# About this task
Return the stretch from the line with "本网讯(通讯员:宋学松 摄影" through the line with "The Desmond Ridder" in the data below, character for character, skipping all pictures.

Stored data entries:
________

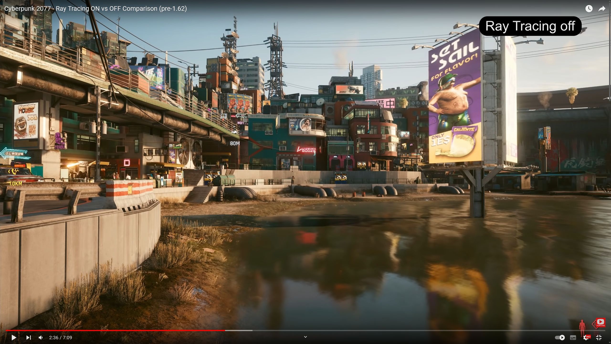 The reflections in water without ray tracing being poor is the result of the low resolution they are rendered at (try turning off the anti-aliasing some time and look at how blocky the reflections are). That being said, what ray tracing does to the reflections in Cyberpunk isn't better, because the effect is overblown and doesn't look good. You're also not going to notice the difference when running or driving anyway.
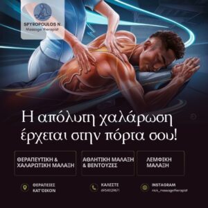 Μάρτιος 6, 2026 στο 11:46Το μασάζ στα χέρια του κυρίου Σπυροπούλου φοβερό…ξεκουράζεσαι και χαλαρώνεις μετά από μια δύσκολη μέρα στην δουλειά…είναι ο ορισμός της χαλαρωσης
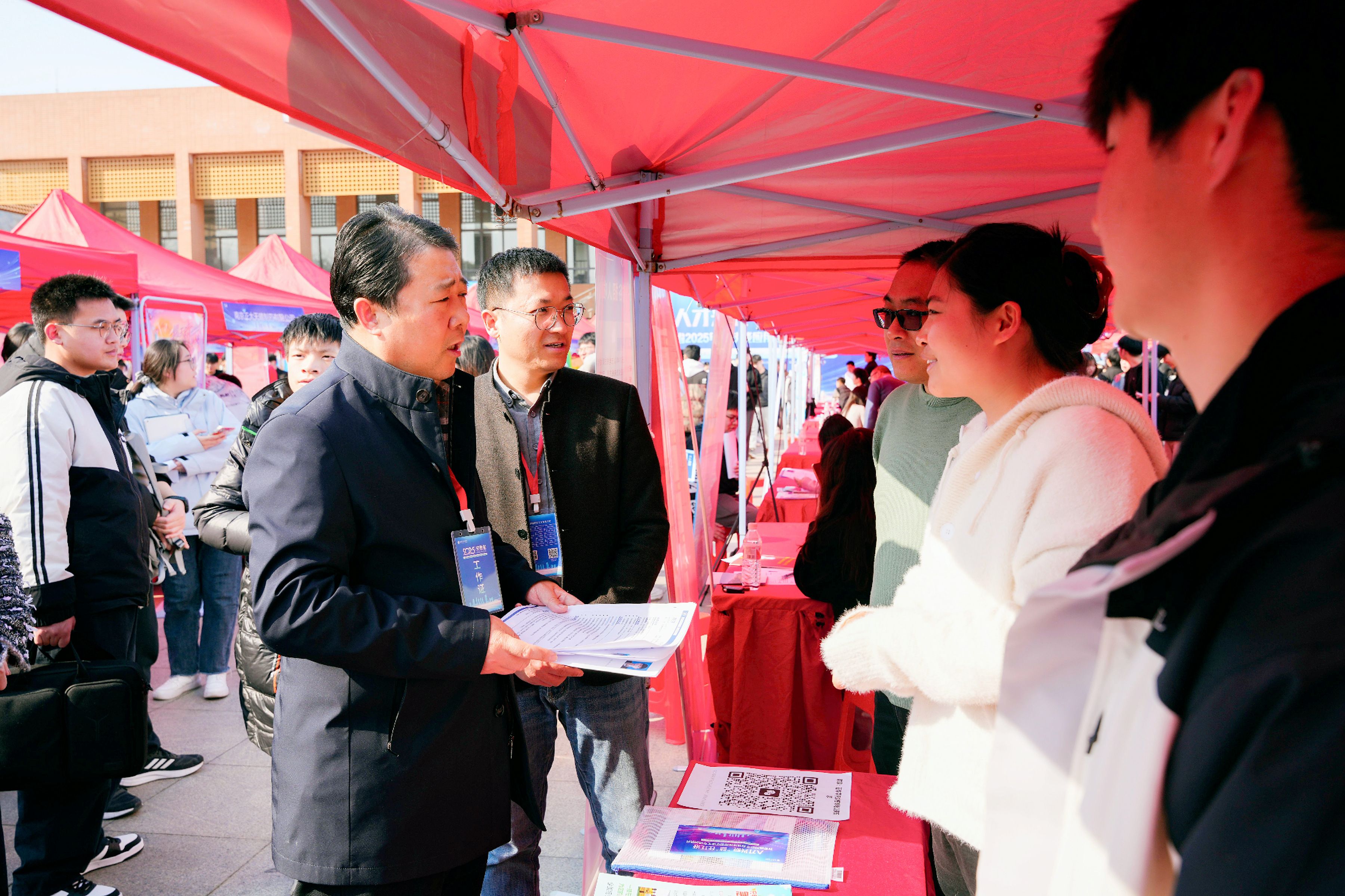 本网讯(通讯员:宋学松 摄影:融媒体工作室/张慧欣、朱雯雯、杜一晟、卢晓雪)3月19日下午,“人才兴皖、‘就’在江淮”安徽省2025年高技能应用型毕业生专场招聘会在红足1世新2登录图书馆南广场成功举办。本次招聘会由安徽省教育厅主办,红足1一世网址足球、合肥市蜀山区人力资源和社会保障局承办。省大中专毕业生就业指导中心主任张秋田,省教育厅高校学生处四级调研员黄兵、蜀山区人社局人才中心副主任赖英等一行领导莅临现场指导,省督导专员、校党委书记邸建伟,副校长王琦进及学生处相关人员全程陪同。
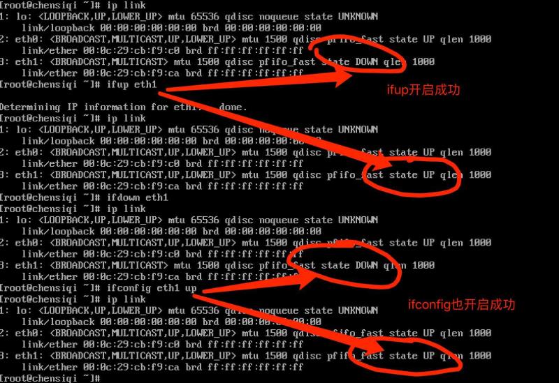 •这是因为,ifup/ifdown这个命令控制的实际上并不是物理网卡的开启和关闭,而实际上他控制的仅仅是网卡的配置文件而已,它是通过网卡配置文件间接的操作网卡设备。
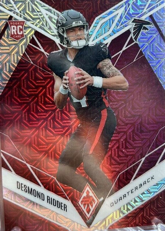 The Desmond Ridder 2022 Phoenix #104 Red Mojo (/10) Rookie card in Raw condition has not changed in price in the last 30 days and was last sold for $61.33 .
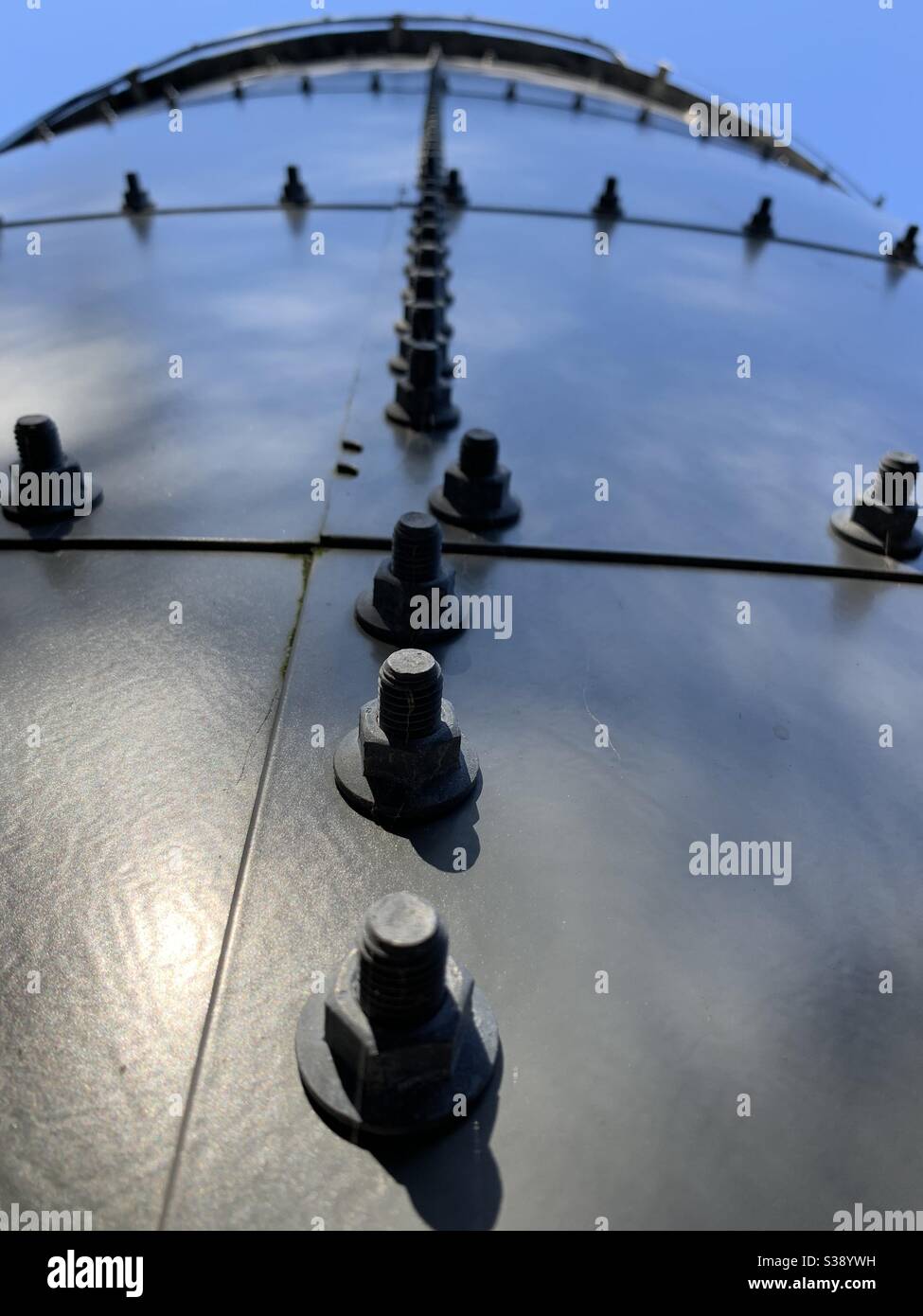 Large heavy iron nuts and bolts protruding from a large painted steel tank - Smartphone Captured Stock Imagehttps://www.alamy.com/image-license-details/?v=1https://www.alamy.com/large-heavy-iron-nuts-and-bolts-protruding-from-a-large-painted-steel-tank-image311828093.html
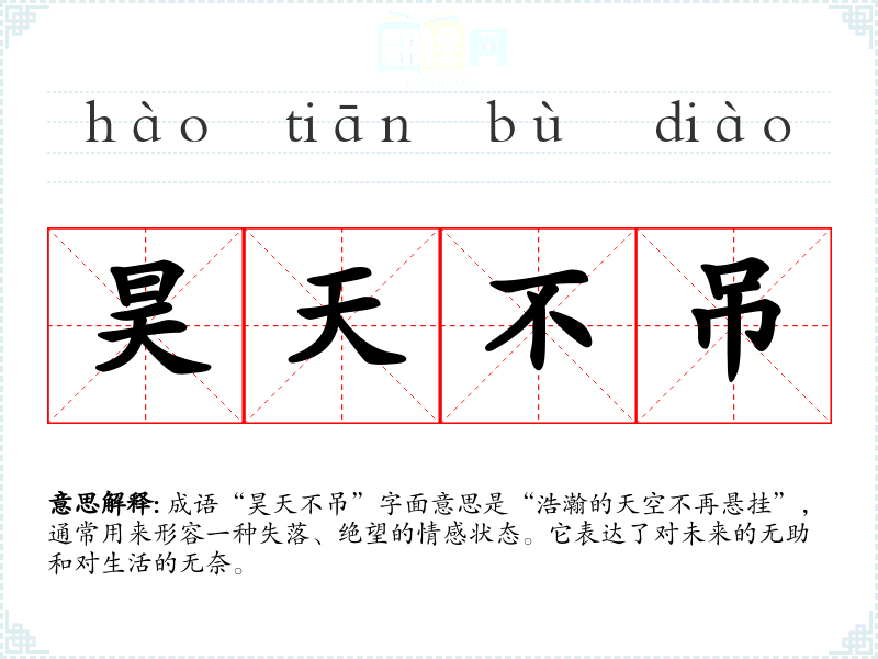 成语“昊天不吊”字面意思是“浩瀚的天空不再悬挂”,通常用来形容一种失落、绝望的情感状态。它表达了对未来的无助和对生活的无奈。
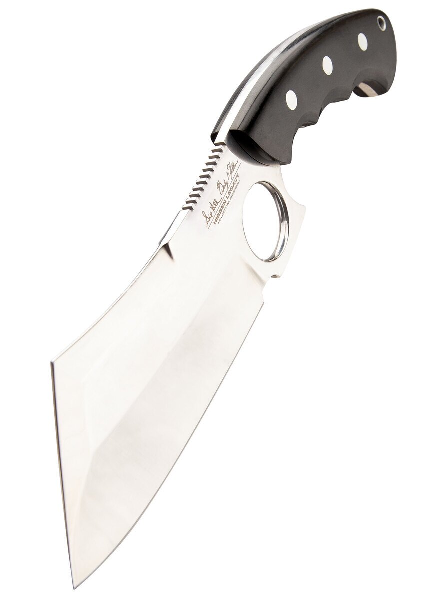 Denne Hibben cleaver kniv leveres med en sort læderskede med bæltestrop, så den nemt kan bæres og opbevares sikkert. Perfekt som samlerkniv, outdoor værktøj eller taktisk kniv.

________

# Finished task
 本网讯(通讯员:宋学松 摄影:融媒体工作室/张慧欣、朱雯雯、杜一晟、卢晓雪)3月19日下午,“人才兴皖、‘就’在江淮”安徽省2025年高技能应用型毕业生专场招聘会在红足1世新2登录图书馆南广场成功举办。本次招聘会由安徽省教育厅主办,红足1一世网址足球、合肥市蜀山区人力资源和社会保障局承办。省大中专毕业生就业指导中心主任张秋田,省教育厅高校学生处四级调研员黄兵、蜀山区人社局人才中心副主任赖英等一行领导莅临现场指导,省督导专员、校党委书记邸建伟,副校长王琦进及学生处相关人员全程陪同。
 •这是因为,ifup/ifdown这个命令控制的实际上并不是物理网卡的开启和关闭,而实际上他控制的仅仅是网卡的配置文件而已,它是通过网卡配置文件间接的操作网卡设备。
 The Desmond Ridder 2022 Phoenix #104 Red Mojo (/10) Rookie card in Raw condition has not changed in price in the last 30 days and was last sold for $61.33 .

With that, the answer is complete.